Jar Weevils and Pink PM Never seen that in any of my jars ever. WTH?


----------



## yooper420 (Oct 7, 2021)

After curing, store in a cool dark place with humidity packs in each jar. I have kept weed this way for 2 years with good results.


----------



## bigsur51 (Oct 7, 2021)

dude , if you have pink mildew on those buds please do not smoke that excrement , it is not good for humans


----------



## smaccio (Oct 8, 2021)

The jar weevils counteract it.


----------



## ROSTERMAN (Oct 8, 2021)




----------



## WeedHopper (Oct 8, 2021)

smaccio said:


> The jar weevils counteract it.


Huh?


----------



## smaccio (Oct 8, 2021)

Just riffing here...pay me no mind!


----------



## pute (Oct 8, 2021)

smaccio said:


> Just riffing here...pay me no mind!


Believe me we know that.  And it is about to get deep in here.


----------



## WeedHopper (Oct 8, 2021)

Shit is up to my knees.


----------



## Bubba (Oct 10, 2021)

bigsur51 said:


> dude , if you have pink mildew on those buds please do not smoke that excrement , it is not good for humans


Even with roundup, cow bell and good mood peee-peee?
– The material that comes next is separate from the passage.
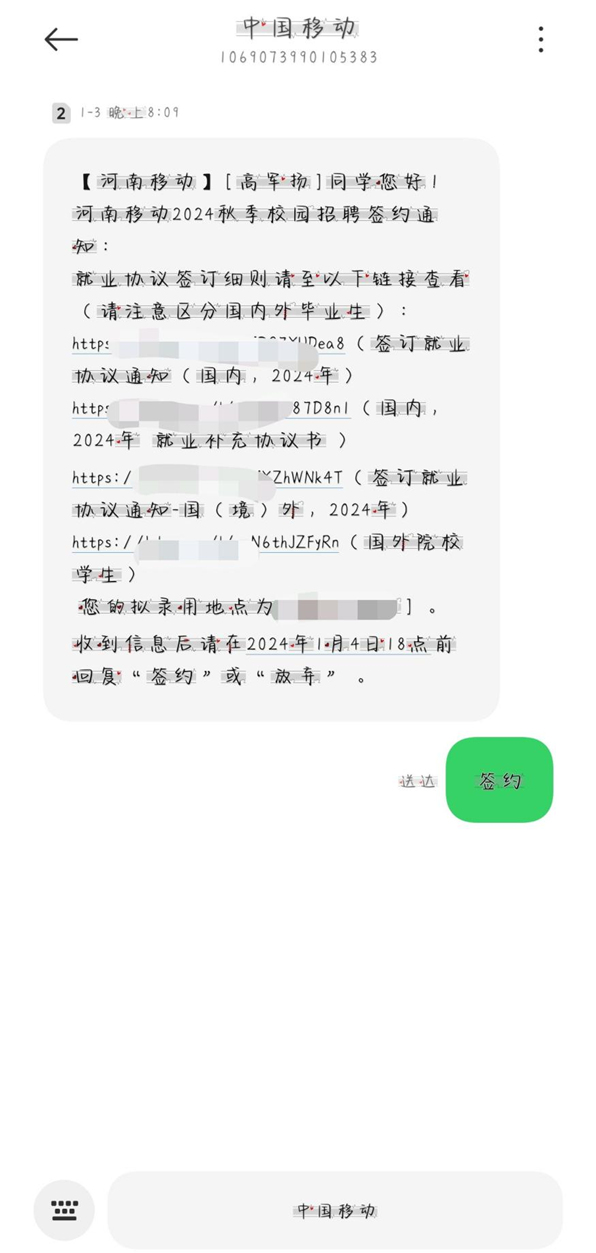 高军扬,伟德国际bevictor1949物联网工程专业二班员工,于2024年1月3日签约中国河南移动有限公司管理岗。

Shiver me timbers, I've smoked this glass bong brown. Time for Epsom salts and alky.

Bubba


----------



## Africanna (Oct 11, 2021)

smaccio said:


> You know I couldn't resist a little puff from the harvest, and I am very pleased with the results. I'm sure something will still go wrong. Jar weevils or pink powdery mildew, what have you, but for now we're happy!


Jar weevils? Where would they come from?


----------



## yooper420 (Oct 11, 2021)

WeedHopper said:


> Shit is up to my knees.


Where's your shit stoppin' boots bro ?


----------



## ROSTERMAN (Oct 11, 2021)

pute said:


> Good question. I burp as needed. If bud are spongy burp .... If they don't get crispy after burping leave the lids open longer. It is a simple spongy/crispy process. When the buds quit getting spongy the curing process really starts.  Continue burping and let the build up gasses release to a point where you can leave the lids closed.


Pute when you are burping do you keep a small humidity meter in the jars? I use the small cheap ones , I just bought another dozen like 14 dollars. I dry to about 62 and Boveda bag em up.


----------



## Weirdscenes (Oct 21, 2021)

Africanna said:


> Jar weevils? Where would they come from?


They live in the glass


----------



## pute (Oct 21, 2021)

ROSTERMAN said:


> Pute when you are burping do you keep a small humidity meter in the jars? I use the small cheap ones , I just bought another dozen like 14 dollars. I dry to about 62 and Boveda bag em up.


No, I do it by crispy/spongy.  I could do it in the dark.  I know what my buds feel like....no need for gadgets.  

What the farg is a jar weevil?   Must be from some foreign country.  Don't have them in these parts.....


----------



## bigsur51 (Oct 21, 2021)

pute said:


> No, I do it by crispy/spongy.  I could do it in the dark.  I know what my buds feel like....no need for gadgets.
> 
> What the farg is a jar weevil?   Must be from some foreign country.  Don't have them in these parts.....






after doing this for 376 years , it’s all done by touch , feel , sight , and smell


we are burping turkey bags and totes now


----------



## smaccio (Oct 21, 2021)

I can't even imagine. Turkey bags and totes.


----------